Making items out of paracord is enjoyable and relaxing. It is nice to be able to kick back with a hank of cord and see what you can create. The sky is the limit when it comes to paracord and people are constantly trying to raise the bar. Paracord crafts are always getting more and more complex and evolved. While this is interesting and makes for fun challenges, sometimes it can be overwhelming. When you set out to complete something and it has a 20 step process, it can become too daunting to actually pursue, especially if you are more of the instant gratification type. I prefer to find a project that can be learned and completed without too much of an investment. If the chances are good that I am going to screw it up a dozen times before I get it, I am less inclined to try. Don't get me wrong, I do like a challenge, but making a paracord octopus is not really on my list of potential goals.
Since complex projects can sometimes be too much of an undertaking, it is nice to take it back to basics once in a while. There is something to be said for a simple design, after all. Projects that have fewer steps often give you fewer opportunities to fail, and it is nice not to fail. Plus you can accomplish more in less time, which is also good if you have other things you could (or should!) be doing. With all of this in mind, I give you the easiest paracord bracelet you will ever make!
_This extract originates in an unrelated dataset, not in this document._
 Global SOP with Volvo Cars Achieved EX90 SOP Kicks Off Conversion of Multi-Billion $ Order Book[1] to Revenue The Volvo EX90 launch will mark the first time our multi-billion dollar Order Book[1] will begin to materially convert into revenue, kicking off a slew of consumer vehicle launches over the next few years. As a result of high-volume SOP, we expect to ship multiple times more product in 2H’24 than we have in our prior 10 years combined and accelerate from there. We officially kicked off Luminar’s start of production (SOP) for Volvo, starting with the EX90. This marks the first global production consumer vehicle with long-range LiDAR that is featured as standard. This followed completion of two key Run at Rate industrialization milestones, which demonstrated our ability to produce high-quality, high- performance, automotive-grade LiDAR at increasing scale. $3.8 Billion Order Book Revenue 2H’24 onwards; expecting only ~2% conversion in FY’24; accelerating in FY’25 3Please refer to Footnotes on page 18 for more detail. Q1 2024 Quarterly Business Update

For the purpose of this project, I cut a 12 inch piece of cord and singed both ends to prevent fraying. To start, take one end and tie it in a knot around the body of the cord. All you need is a simple overhand knot-complexity is not required here. Tie the knot snug enough that it won't come undone but do not cinch it down as tight as possible. Work the knot to where the end of the cord is right at the base of it and there is no excess dangling. Once your first knot is in place, take the other end of the cord and do the exact same thing with it, tying an overhand knot around the body of the cord off to the other side. Between the two knots there should be two strands of cord with only one strand of cord for the rest of the bracelet. Again, tie your knot snug enough that it will stay put but do not cinch it down tight.
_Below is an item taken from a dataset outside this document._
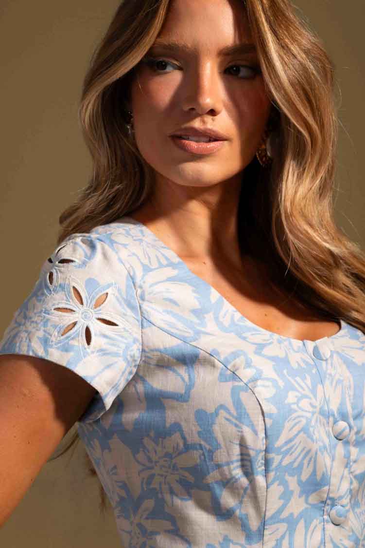 As mangas com bordados Richelieu acrescentam um toque artesanal e feminino à peça, enquanto os recortes na modelagem garantem um caimento elegante e estruturado.

The reason you do not want to tie these knots tightly is because they are meant to be mobile. Taking each knot into one hand, gently tug them away from each other. If your knots are not tied too tight, they will move. As they move away from each other, your bracelet will be made smaller. If you slide them towards one another instead, pushing them back together, the bracelet will enlarge.
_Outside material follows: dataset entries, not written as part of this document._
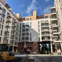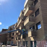 External walls, wooden framed walls, installation of gypsum board and wool works, oak ceilings with Spile (500 m²), installation of windows and balcony sliding doors, terrace works on 8th floor (700 m²), facade works with oak (1500 m²)
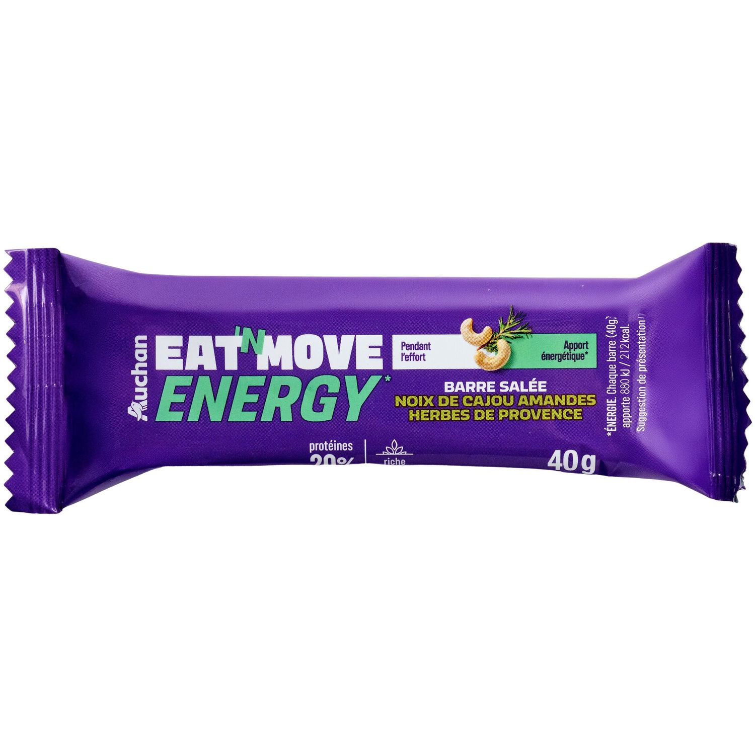 Barre aux noix de cajou et aux herbes de provence. Source de protéines, riche en fibres.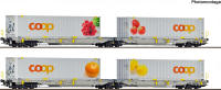 Doppeltaschen-Gelenkwagen T2000 2-teilig Set 1 mit Coop Container passend zu der Coop Lok Modell exklusiv bei ROCO erhältlich Erstmals mit vorbildgerechter Verladebrücke, voll funktionsfähig für den Anlagenbetrieb Komplett neu konstruierter Reefer-Container Wagen aus Metalldruckguss |

This bracelet is truly about as quick and easy as a paracord project can get. The bonus is that it is adjustable and can be made to fit most anyone. If you need to use the cord for something, it can be easily taken apart. The downside is that it only houses about a foot of cord so there may not be a lot of survival uses for that little amount. Survival aside, if you want to make a quick, easy bracelet that requires few steps and a small amount of cord, this bracelet fits the bill.